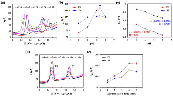 The pH of the supporting electrolyte can have a significant effect on electrochemical oxidation of XA and UA [35,36]. Therefore, we investigated the effect of pH on oxidation current responses of UA and XT at GNP/rGO-CNT/GCE by recording SWV curves from pH 5.0 to 8.0 in 0.1 M PBS containing 25 μM UA and 25 μM XT (Figure 4a). As shown in Figure 4b, the Ipa of UA increased with increasing pH up to 7.4. It then decreased at higher pH (8.0). This effect of pH on Ipa of UA might be attributed to the fact that deprotonated UA at higher pH (8.0) was inefficiently adsorbed on GNP/rGO-CNT/GCE due to electrostatic repulsion [35]. The Ipa of XT did not change in the pH range of 6.0–8.0. Therefore, we selected pH 7.4 as an optimal pH for simultaneous detection of UA and XT. Moreover, as shown in Figure 4c, Epa showed a linear relationship with pH (Epa = −0.0858 pH + 0.9289, R2 = 0.991 for UA; Epa = −0.0733 pH + 1.2396, R2 = 0.9917 for XT). Epa moved to negative potentials with an increase of pH for both UA and XA (Figure 4c), indicating that a proton transfer occurred in the oxidation reaction of UA and XT [19,26,27]. As slopes for UA (85.8 mV/pH) and XT (73.3 mV/pH) were close to the theoretical value of the Nernst equation, we inferred that the oxidation process of UA and XA was related to an equal number of protons and electrons—two protons and two electrons [21,25,36,37]. Thus, the mechanism for UA and XT oxidation can be proposed in Figure S4.
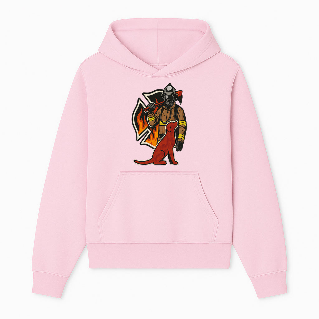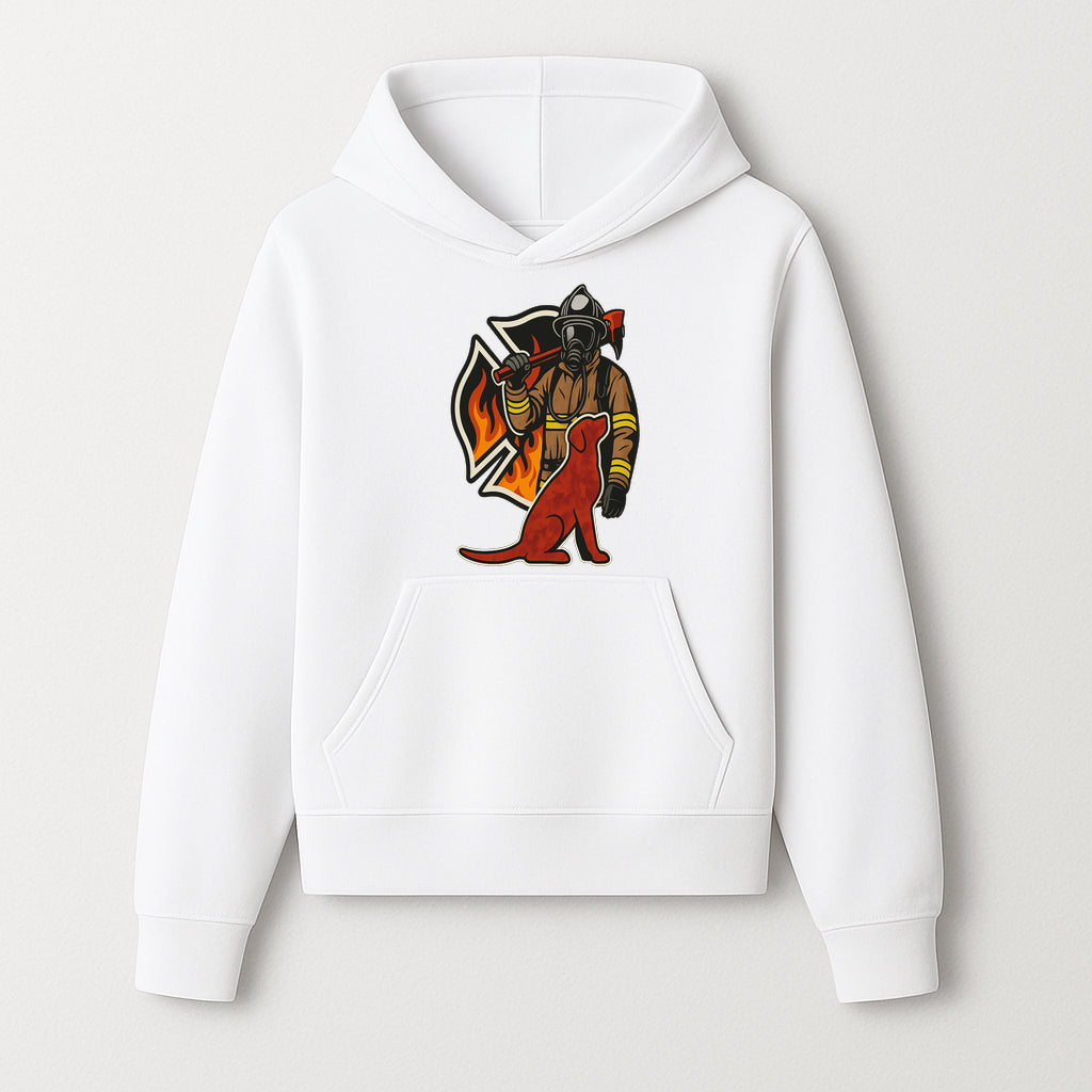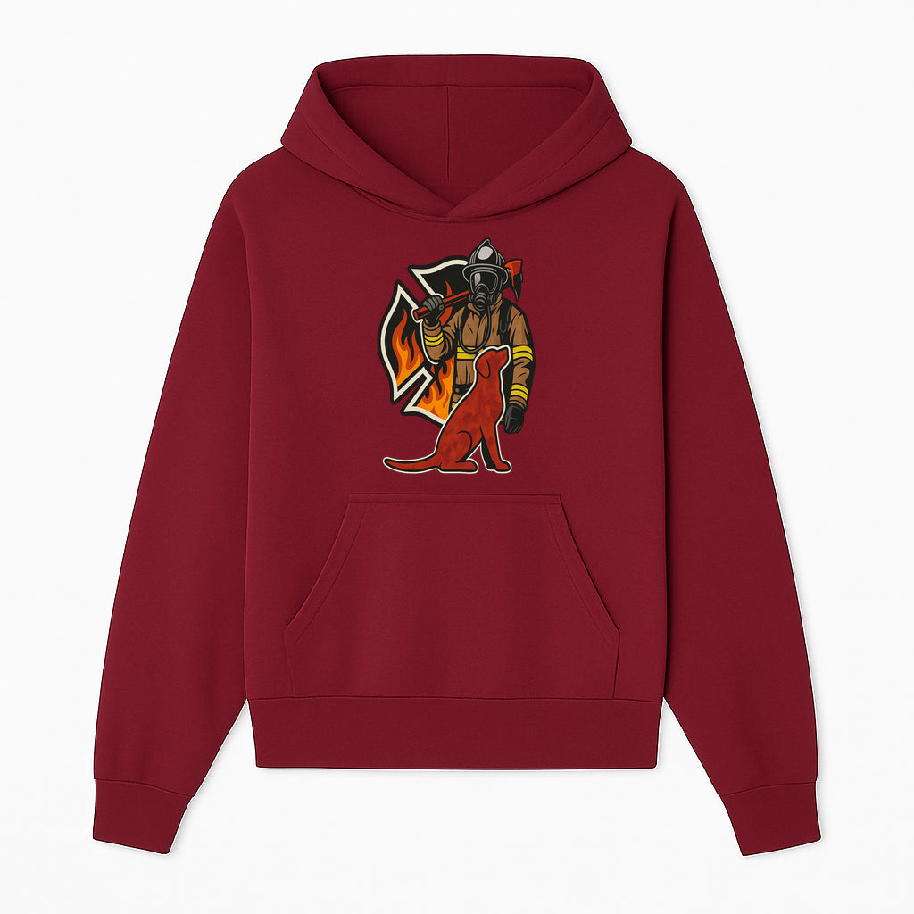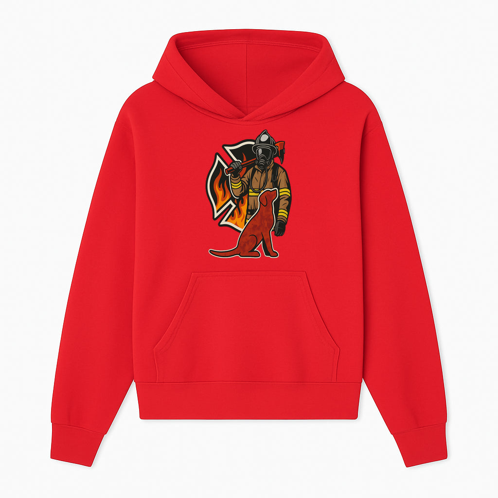 Firefighter and Dog Graphic Art | Fire Rescue Hero Design | Fireman with Mascot | Firefighting Gifts | Wall Art Decor - Hoodie
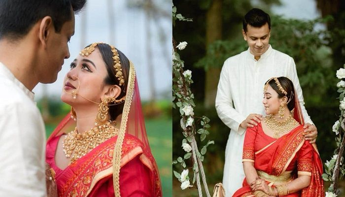 ওই ছবিতে দেখা যায়, লাল রঙের একটি শাড়ি পরেছেন চমক। সঙ্গে সোনালি রঙের কুন্দনের গয়না ও হালকা মেকআপেই বউ সেজেছেন তিনি। অন্যদিকে অভিনেত্রীর স্বামী পরেছেন সাদা রঙের শেরওয়ানি।
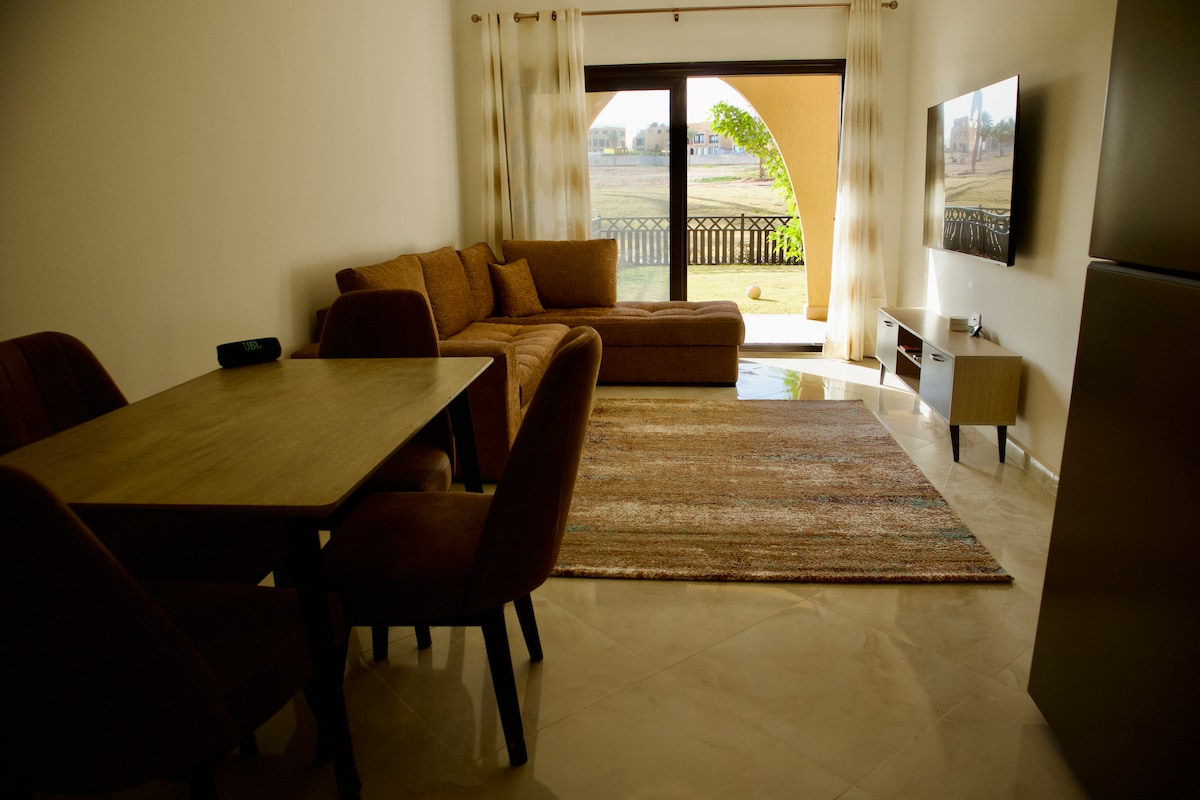 Holiday retreat located in Soma Breeze compound, Somabay is Egypt’s top holiday destination, amazing Snorkeling and Diving spots, Beaches, Golf fields, Kite Surfing, Aqua Park, Carting, Quad Bike, Restaurants, Supermarket, Bars with live music, Horses stable, SPA, music concerts. Apartment is on the 3rd floor which allows a very beautiful Sunny terrace with beautiful sea and mountain views. PS: There is a construction site 100m in front of the apartment, the work in the site ends at 4:30 PM.

Task objective:
Ignoring the pictures, write out word for word the lines from the line containing "Firefighter and Dog" through the end of the material above.

Task answer:
 Firefighter and Dog Graphic Art | Fire Rescue Hero Design | Fireman with Mascot | Firefighting Gifts | Wall Art Decor - Hoodie
 ওই ছবিতে দেখা যায়, লাল রঙের একটি শাড়ি পরেছেন চমক। সঙ্গে সোনালি রঙের কুন্দনের গয়না ও হালকা মেকআপেই বউ সেজেছেন তিনি। অন্যদিকে অভিনেত্রীর স্বামী পরেছেন সাদা রঙের শেরওয়ানি।
 Holiday retreat located in Soma Breeze compound, Somabay is Egypt’s top holiday destination, amazing Snorkeling and Diving spots, Beaches, Golf fields, Kite Surfing, Aqua Park, Carting, Quad Bike, Restaurants, Supermarket, Bars with live music, Horses stable, SPA, music concerts. Apartment is on the 3rd floor which allows a very beautiful Sunny terrace with beautiful sea and mountain views. PS: There is a construction site 100m in front of the apartment, the work in the site ends at 4:30 PM.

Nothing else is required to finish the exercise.